When building agents and LLM applications, it’s hard to see what’s actually going on under the hood. Even if you set up a comprehensive agent architecture with multiple prompts, descriptive tools, and data retrievals, you’re left answering questions like:

Why did the agent choose that tool instead of this one?
What context was actually passed to the LLM when it generated that response?
Where is all the latency coming from - is it the model, the retrieval, or something else?
The user got a wrong answer, but which step in the pipeline failed?

In this tutorial, with just a few additional lines of code, you’ll be able to monitor every LLM call, tool execution, and retrieval operation that powers your agents. You’ll learn how to debug, monitor, and analyze your agents more effectively and efficiently, transforming them from personal projects to production-ready applications.
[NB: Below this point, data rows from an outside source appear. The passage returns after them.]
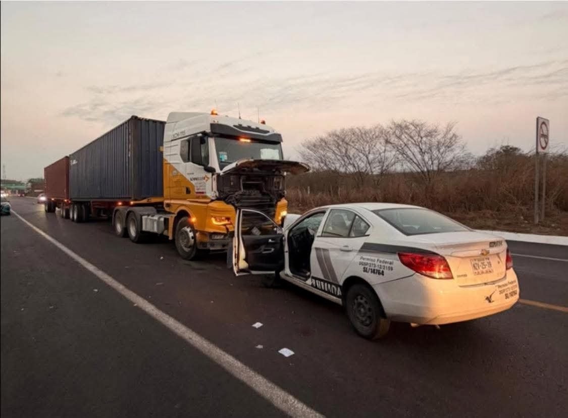 De acuerdo con la información preliminar, aparentemente el auto, un Chevrolet Aveo de color blanco con matrícula NZV-25-19, con rótulos de Seguridad Privada, trató de rebasar e impactó de frente contra un camión de carga con doble remolque.
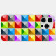 Patchwork Colourful geometric pattern iPhone 15 Case. Many triangles in yellow, orange, red, pink, blue, green colours creating fun modern geometric pattern.
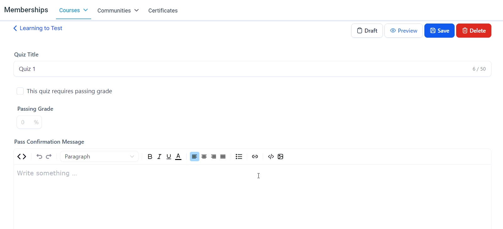 Decide if the quiz requires a passing score. If so, specify the percentage needed to pass.
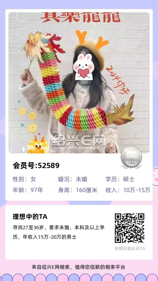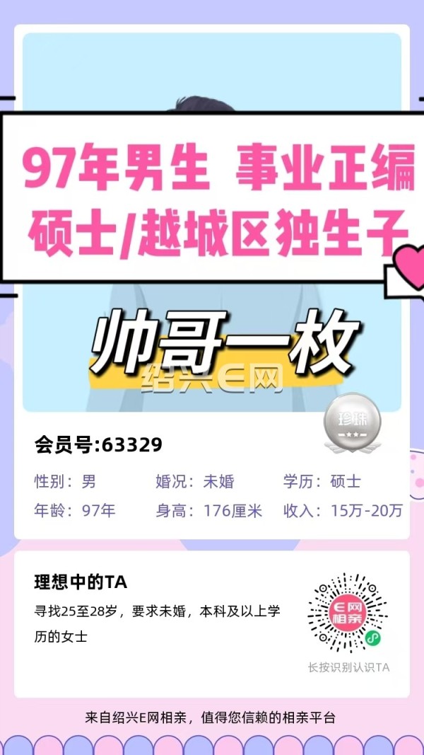 96年越城区独生子,未婚,硕士学历。
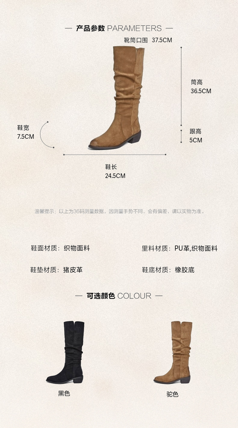 | 配跟:无 | 靴筒口围:37.5CM | 上市时间:2025年冬季 | 鞋类流行款式:时装靴 | 鞋头款式:尖头 |
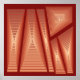 Mid Century Modern abstract composition of pyramid shapes with a 3-d effect in shades of copper on a deep rust background - digital design
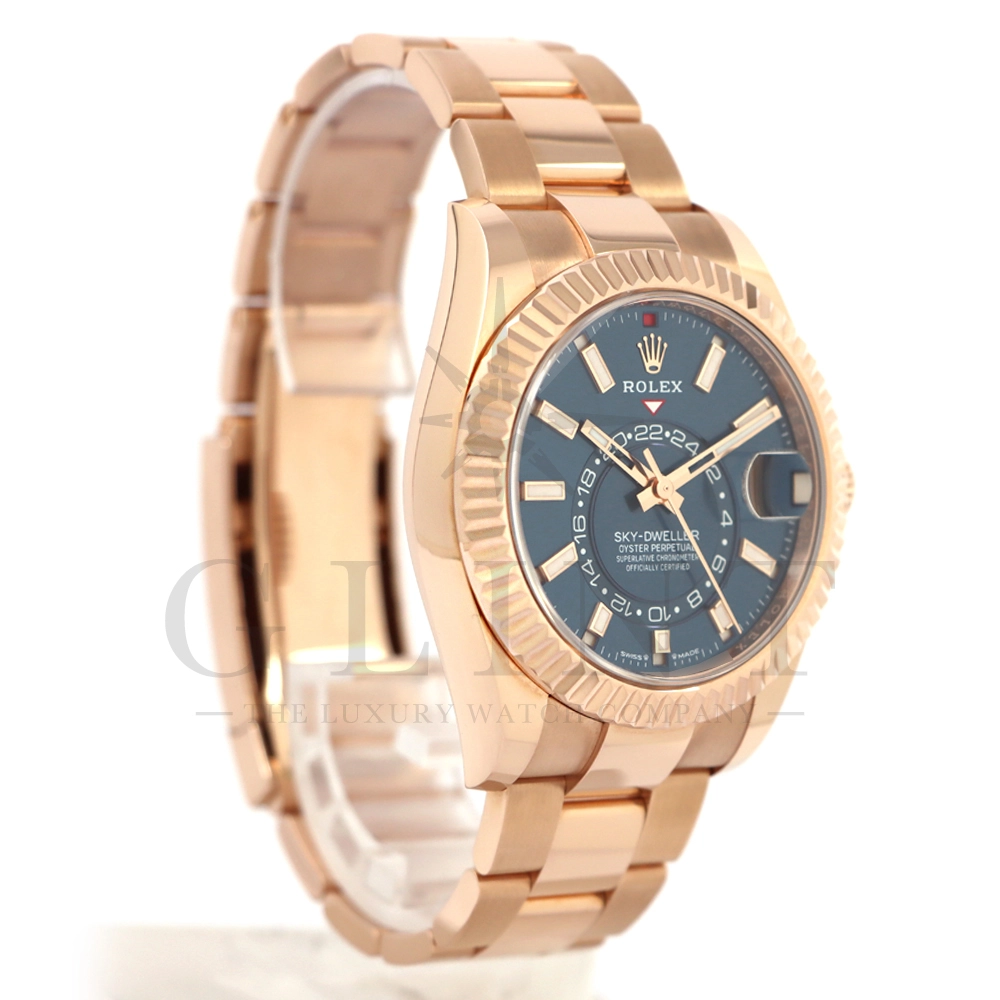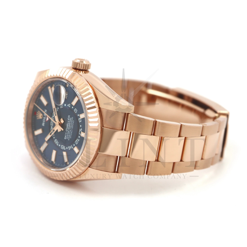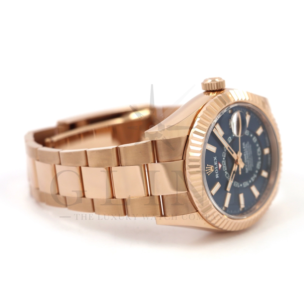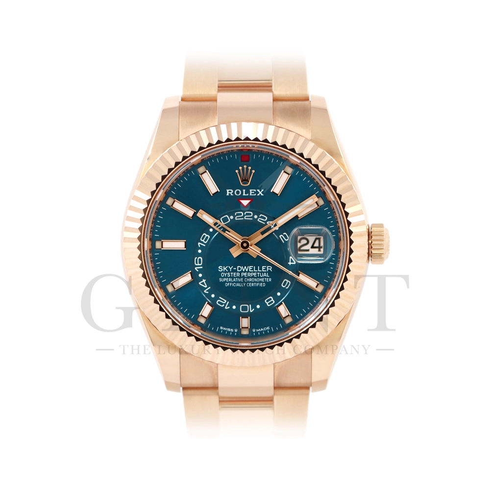 こちらは2023年の新作として発表されたロレックス スカイドゥエラー 336935です。素材に18Kエバーローズゴールドを採用したエレガントな雰囲気を与えてくれるモデル。色鮮やかなブルーグリーン文字盤が印象的でこれまでにない高級感を堪能する事ができるでしょう。ムーブメントには、ROLEX初のセミコンプリケーションキャリバーCal.9001を進化させたCal.9002を搭載。クロナジーエスケープメントが採用されたほか、常磁性ブルー パラクロム・ヒゲゼンマイも実装されるなど、ロレックスがムーブメントにもたらした主要な革新技術を含んでいます。素材による高級感と実用性を見事に融合させたロレックス史上最高の複雑機構を搭載した一本です。
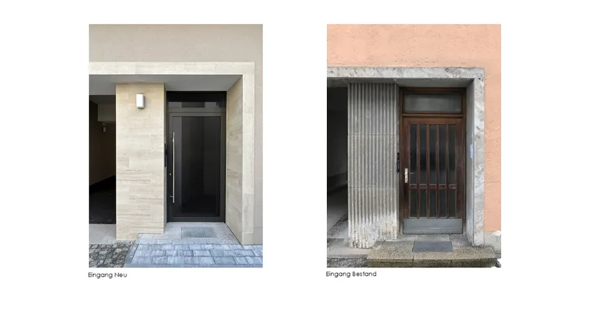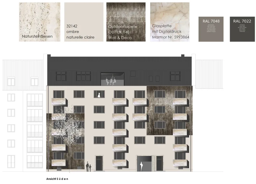 Die bestehenden Natursteinelemente (Tor-und Türeinfassungen) werden gestalterisch beibehalten, ebenso die Natursteinwandverkleidungen im Treppenhaus. Diese strahlen eine natürliche und hochwertige Wirkung bereits im Bereich der Eingänge aus. Diese Thematik wurde für die weitere Farbgebung der Fassade aufgegriffen und der Farbton dem Naturstein entspr. angepasst. Die Fensterrahmen, sowie die metallischen Elemente im Bereich der Fassade sind in einem Bronzefarbton gehalten und heben die Wertigkeit der Gesamtgestaltung weiter an. Die Brüstungselemente der Balkone sind in Rauchglasoptik, leicht transparent für mehr Raumbelichtung, aber dennoch blickgeschützt ausgeführt. Das natürliche, harmonische und schlichte Zusammenspiel der Materialien, wird bei der Innenraumgestaltung weitergeführt.
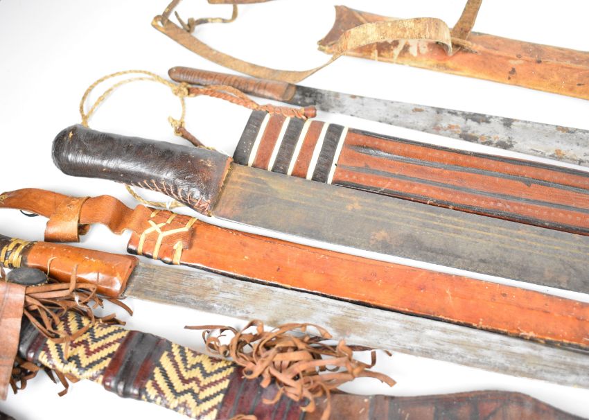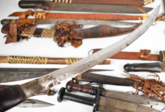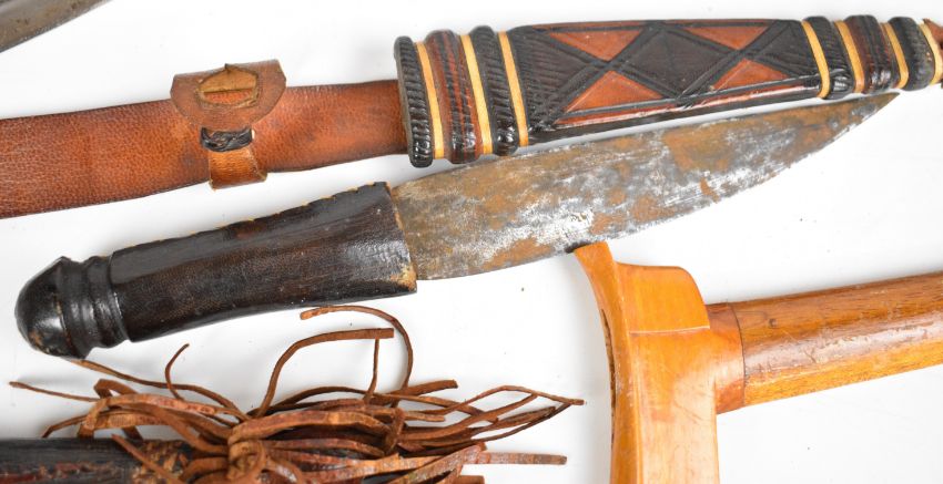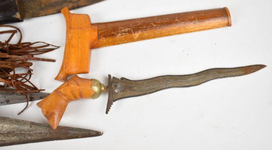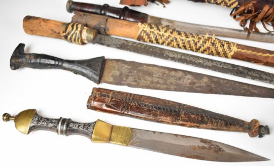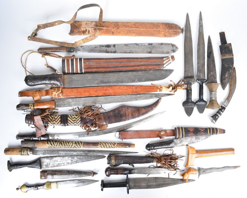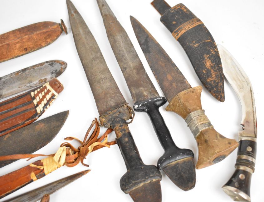 Fourteen mainly North African tribal knives / short swords including a silver wire bound dagger, possibly Sudanese etc, longest 50cm. PLEASE NOTE: WE ARE NOT ABLE TO OFFER OUR USUAL POSTAGE SERVICE FOR THIS LOT
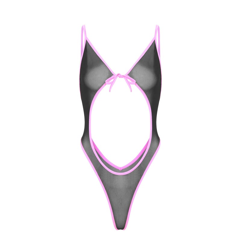 A linger bodysuit for women, is designed with v neck, sleeveless, front tie-up, hollow out, high-cut thong styled bottom.

Follow along with code Throughout the tutorial we will include key code snippets, but to see the full implementation, check out the companion projects below.

TypeScript Tutorial

Companion TypeScript project with runnable examples

Python Tutorial

Companion Python project with runnable examples

SupportBot

Our sample support agent for this tutorial:

Classifies incoming queries (order status vs. FAQ)
Routes to the appropriate handler:
- Order Status: Use a tool to look up order information, then summarize for the customer
- FAQ: Search a knowledge base with embeddings, then generate an answer using RAG

The issue is that our users are complaining. Responses are slow, answers are wrong, but we have no idea why. Our agent is a black box - we can see what the user asked, and see how the agent replied, but we don’t have visibility into the individual components of our agent that actually ran. Let’s set up tracing to gain visibility.

Setting Up Tracing

First, install the dependencies and configure OpenTelemetry to send traces to Phoenix.

Install Dependencies

TypeScript
Python

npm install ai @ai-sdk/openai @arizeai/openinference-vercel \
  @arizeai/openinference-semantic-conventions @opentelemetry/api \
  @opentelemetry/sdk-trace-node @opentelemetry/exporter-trace-otlp-proto \
  @opentelemetry/resources @opentelemetry/semantic-conventions zod

pip install "arize-phoenix-otel>=0.16.0" arize-phoenix-client openai openinference-instrumentation-openai numpy

arize-phoenix-otel 0.16.0+ is required to import SpanAttributes and the OpenInference context managers directly from phoenix.otel. On older versions, import them from openinference.instrumentation and openinference.semconv.trace instead.

Set up Phoenix Cloud

In order to send traces to Phoenix, you must sign up for a free space and account. Follow these instructions to configure Phoenix Cloud, if you haven’t already. Once you have Phoenix Cloud configured, set your keys:

TypeScript
Python

Create a .env file in your project root:

PHOENIX_API_KEY=<ENTER YOUR PHOENIX API KEY>
PHOENIX_COLLECTOR_ENDPOINT=<ENTER YOUR PHOENIX ENDPOINT>
OPENAI_API_KEY=<ENTER YOUR OPENAI API KEY>

import os

os.environ["PHOENIX_API_KEY"] = "<ENTER YOUR PHOENIX API KEY>"
os.environ["PHOENIX_COLLECTOR_ENDPOINT"] = "<ENTER YOUR PHOENIX ENDPOINT>"
os.environ["OPENAI_API_KEY"] = "<ENTER YOUR OPENAI API KEY>"

Configure Tracing

TypeScript
Python

Create an instrumentation.ts file:

import { register } from "@arizeai/phoenix-otel";

// Register with Phoenix - this handles all the OpenTelemetry boilerplate
export const provider = register({
  projectName: "support-bot",
});

Import this file at the top of your application to enable tracing.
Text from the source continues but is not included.